Problem to solve
The task for the listing below is to write out exactly the lines starting at the one containing "Знову додайте в" and ending at the one containing "Slamavskiljare för BDT", both included. Pictures are to be omitted.

Records for the task
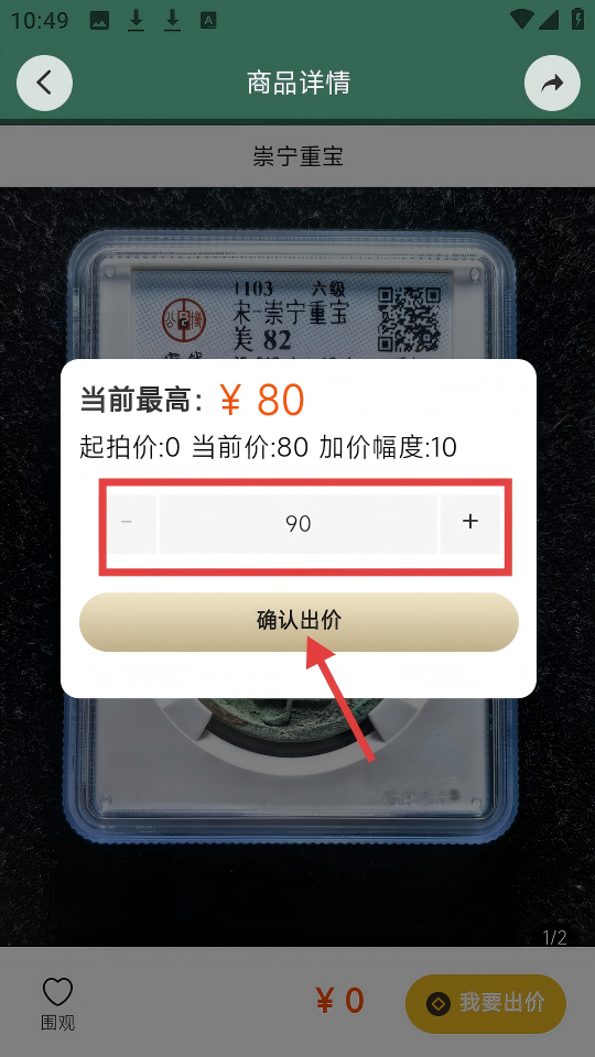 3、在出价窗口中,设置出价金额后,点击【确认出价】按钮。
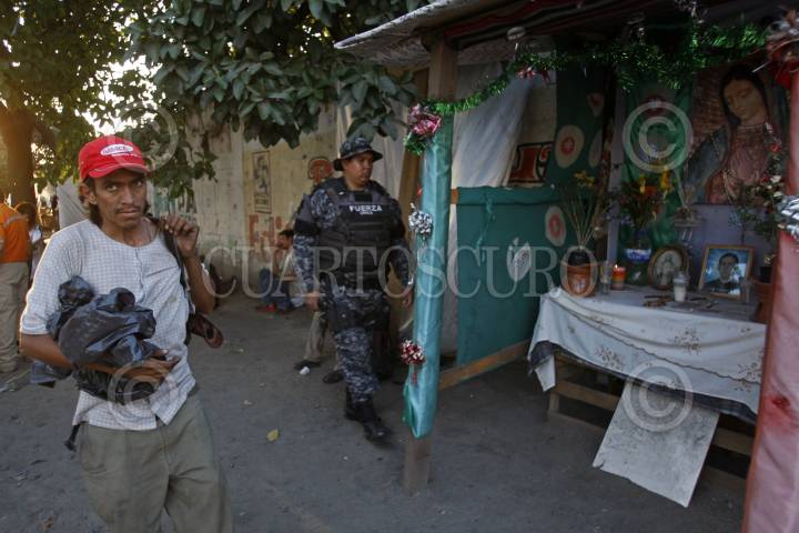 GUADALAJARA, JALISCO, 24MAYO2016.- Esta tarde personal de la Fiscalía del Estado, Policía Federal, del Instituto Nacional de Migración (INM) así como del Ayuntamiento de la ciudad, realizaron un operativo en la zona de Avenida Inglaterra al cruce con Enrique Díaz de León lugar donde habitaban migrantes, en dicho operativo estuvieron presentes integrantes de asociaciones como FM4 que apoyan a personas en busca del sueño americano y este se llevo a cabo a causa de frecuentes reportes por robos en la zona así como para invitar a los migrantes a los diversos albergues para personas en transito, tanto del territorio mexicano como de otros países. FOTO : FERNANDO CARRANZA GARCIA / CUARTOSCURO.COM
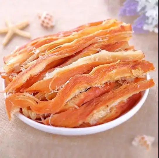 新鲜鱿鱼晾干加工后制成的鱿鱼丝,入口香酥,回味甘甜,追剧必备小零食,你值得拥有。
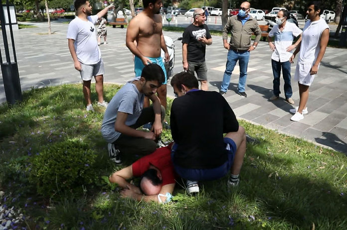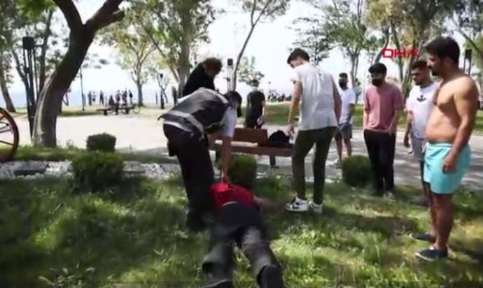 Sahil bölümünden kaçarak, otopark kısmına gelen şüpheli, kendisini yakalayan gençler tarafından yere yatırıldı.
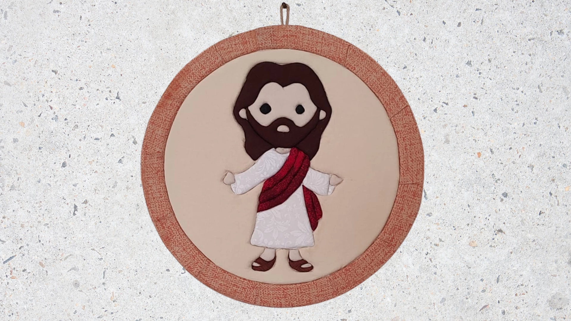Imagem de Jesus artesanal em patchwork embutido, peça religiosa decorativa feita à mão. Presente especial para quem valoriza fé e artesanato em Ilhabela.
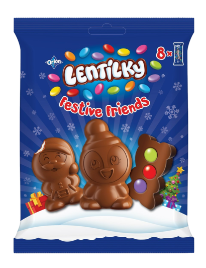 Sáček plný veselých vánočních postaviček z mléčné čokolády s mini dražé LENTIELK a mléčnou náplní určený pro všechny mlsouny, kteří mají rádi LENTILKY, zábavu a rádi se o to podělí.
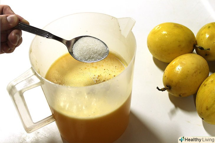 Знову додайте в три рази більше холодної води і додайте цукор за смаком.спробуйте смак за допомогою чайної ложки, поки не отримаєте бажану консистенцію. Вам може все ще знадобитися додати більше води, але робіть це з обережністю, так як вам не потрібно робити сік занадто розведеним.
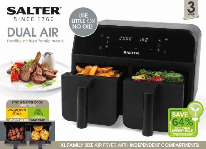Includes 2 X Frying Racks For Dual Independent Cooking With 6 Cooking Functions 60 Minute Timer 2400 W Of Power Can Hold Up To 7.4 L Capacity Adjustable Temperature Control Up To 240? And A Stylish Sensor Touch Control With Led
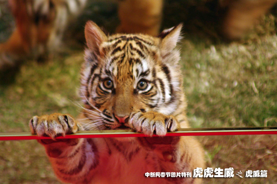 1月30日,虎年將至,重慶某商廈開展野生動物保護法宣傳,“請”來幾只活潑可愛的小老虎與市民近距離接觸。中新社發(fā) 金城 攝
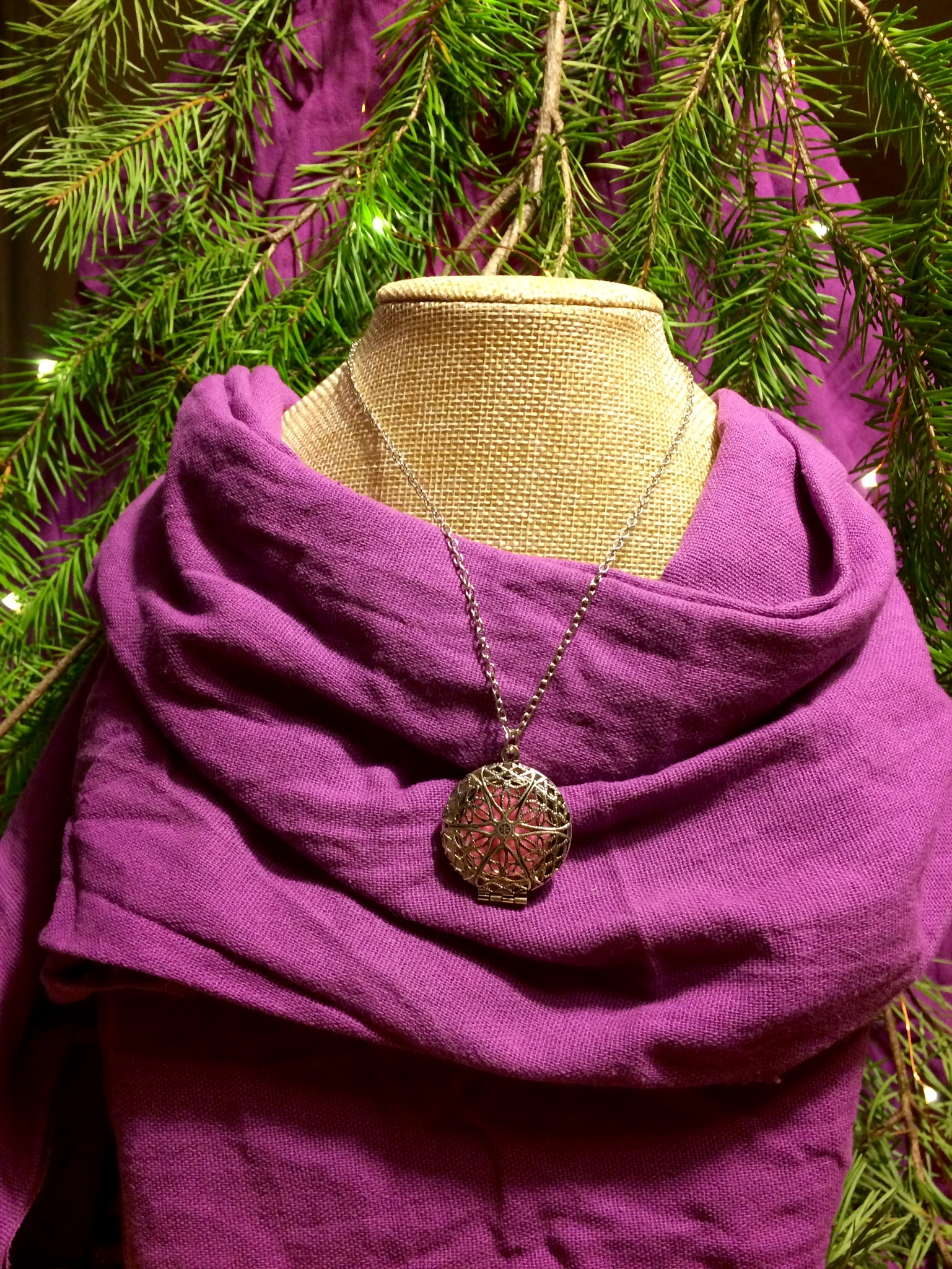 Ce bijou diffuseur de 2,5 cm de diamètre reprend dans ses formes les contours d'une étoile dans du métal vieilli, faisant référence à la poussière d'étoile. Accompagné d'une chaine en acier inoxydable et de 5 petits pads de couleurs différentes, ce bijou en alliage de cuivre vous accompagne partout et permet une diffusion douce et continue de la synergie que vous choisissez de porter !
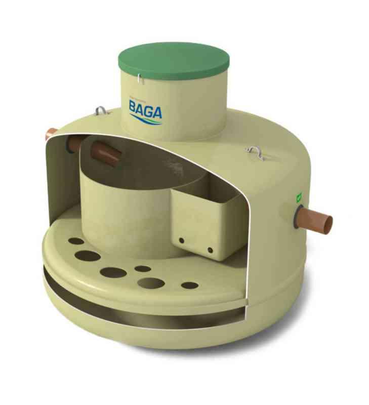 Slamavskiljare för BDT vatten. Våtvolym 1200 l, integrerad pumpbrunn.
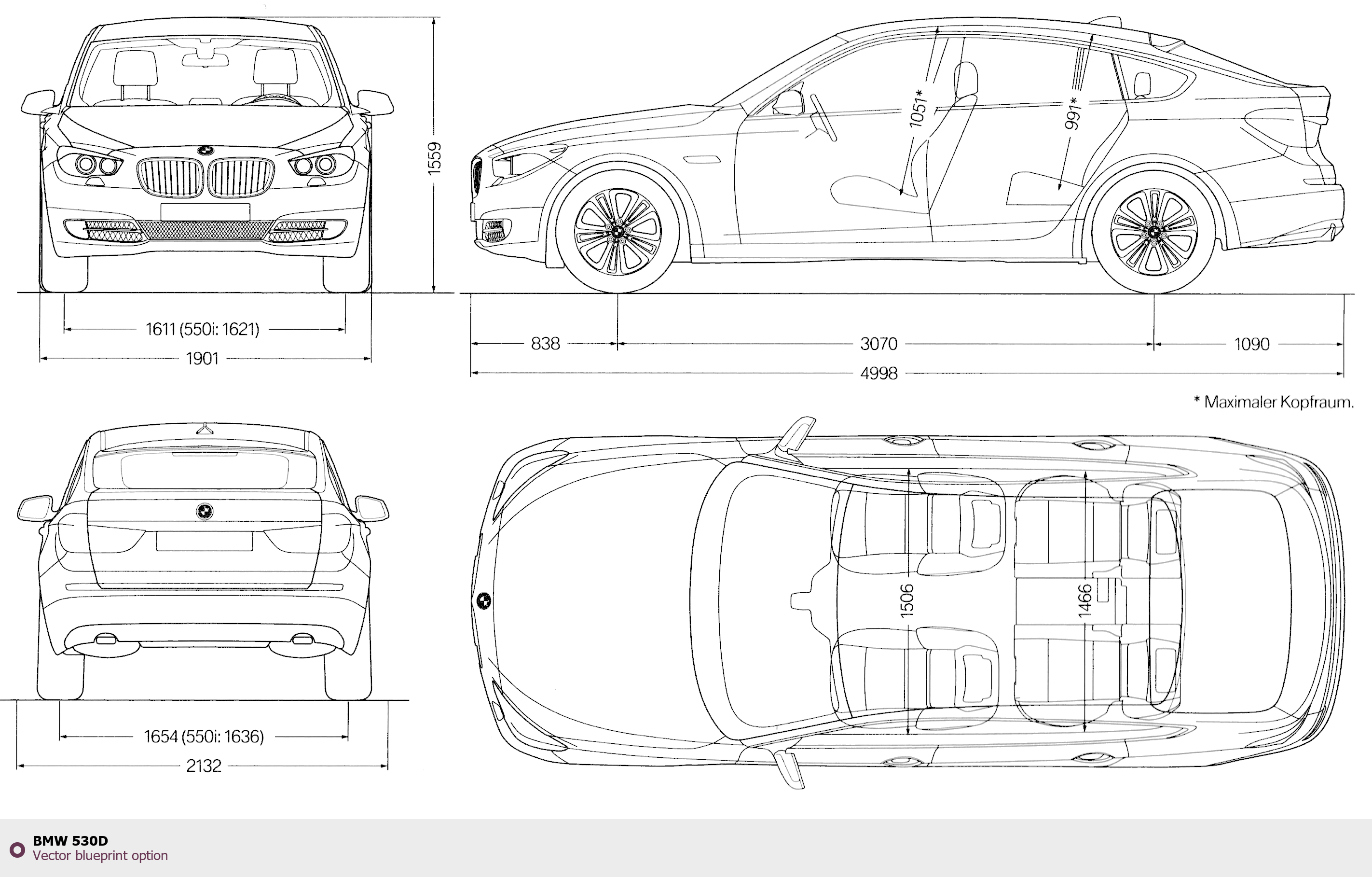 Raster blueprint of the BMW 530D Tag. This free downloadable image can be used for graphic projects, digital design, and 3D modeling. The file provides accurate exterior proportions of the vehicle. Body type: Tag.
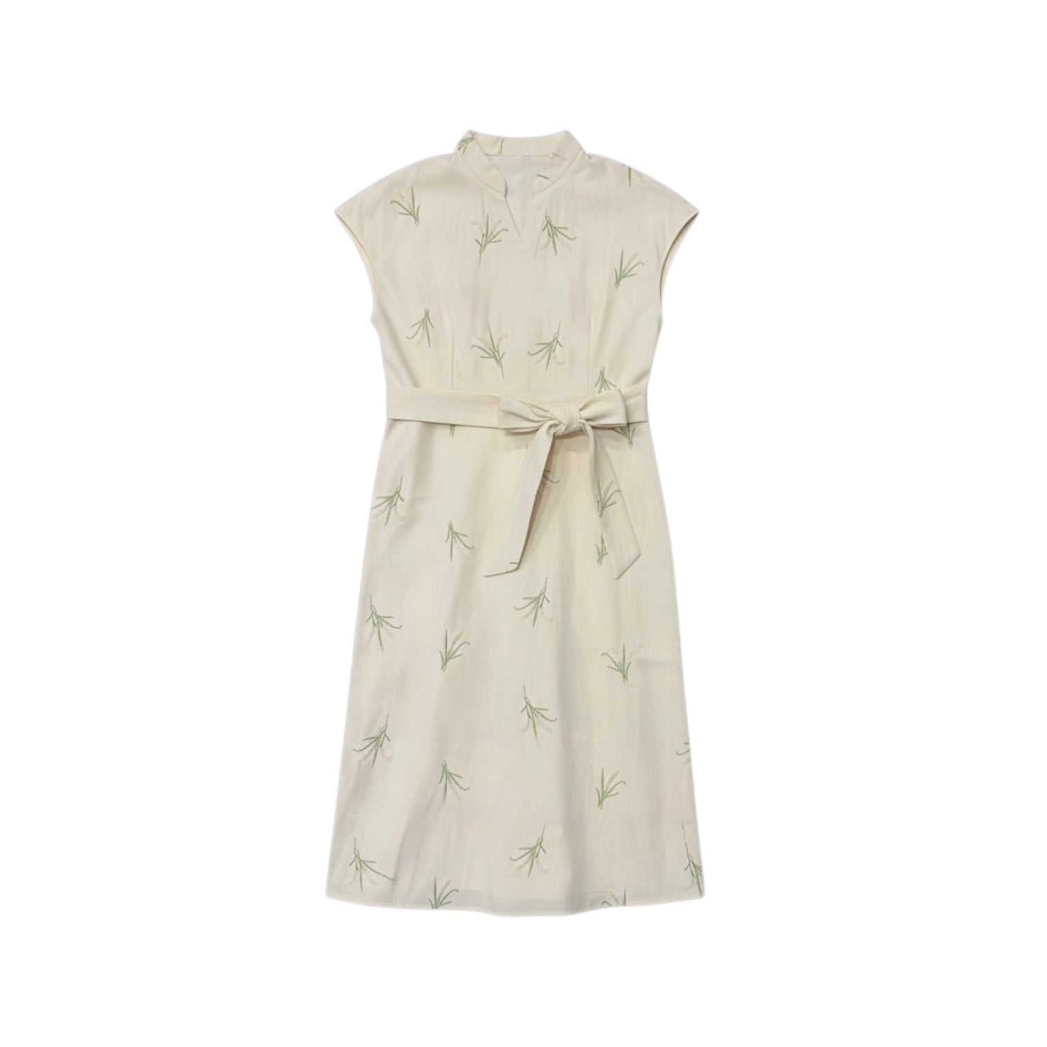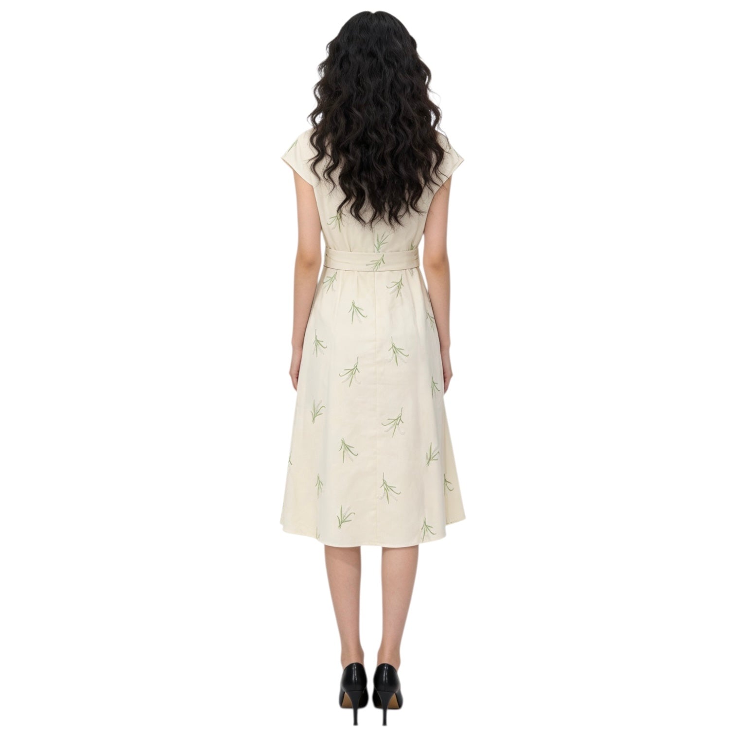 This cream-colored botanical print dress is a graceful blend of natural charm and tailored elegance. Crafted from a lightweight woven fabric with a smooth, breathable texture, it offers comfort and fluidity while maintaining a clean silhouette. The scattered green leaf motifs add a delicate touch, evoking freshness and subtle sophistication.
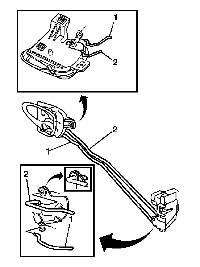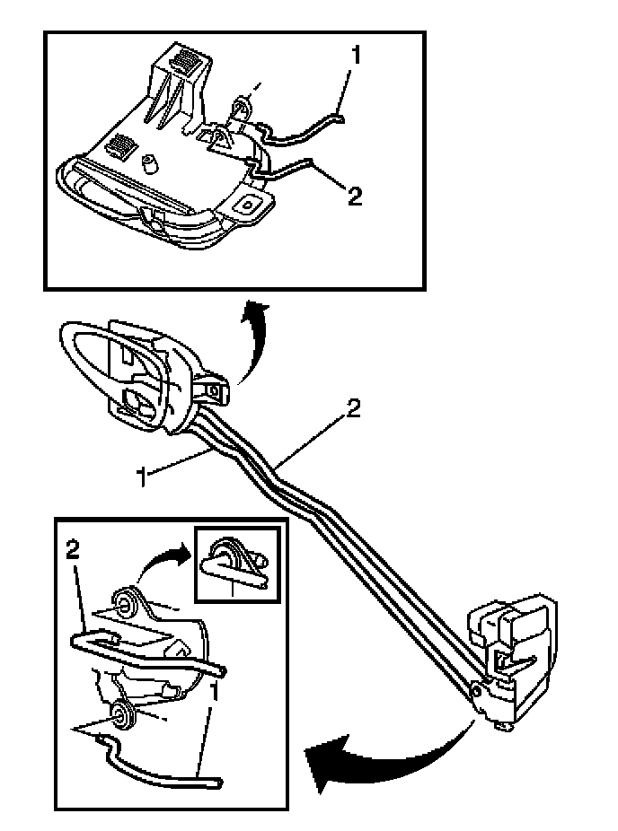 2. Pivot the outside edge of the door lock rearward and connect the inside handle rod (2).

Completed task
 Знову додайте в три рази більше холодної води і додайте цукор за смаком.спробуйте смак за допомогою чайної ложки, поки не отримаєте бажану консистенцію. Вам може все ще знадобитися додати більше води, але робіть це з обережністю, так як вам не потрібно робити сік занадто розведеним.
Includes 2 X Frying Racks For Dual Independent Cooking With 6 Cooking Functions 60 Minute Timer 2400 W Of Power Can Hold Up To 7.4 L Capacity Adjustable Temperature Control Up To 240? And A Stylish Sensor Touch Control With Led
 1月30日,虎年將至,重慶某商廈開展野生動物保護法宣傳,“請”來幾只活潑可愛的小老虎與市民近距離接觸。中新社發(fā) 金城 攝
 Ce bijou diffuseur de 2,5 cm de diamètre reprend dans ses formes les contours d'une étoile dans du métal vieilli, faisant référence à la poussière d'étoile. Accompagné d'une chaine en acier inoxydable et de 5 petits pads de couleurs différentes, ce bijou en alliage de cuivre vous accompagne partout et permet une diffusion douce et continue de la synergie que vous choisissez de porter !
 Slamavskiljare för BDT vatten. Våtvolym 1200 l, integrerad pumpbrunn.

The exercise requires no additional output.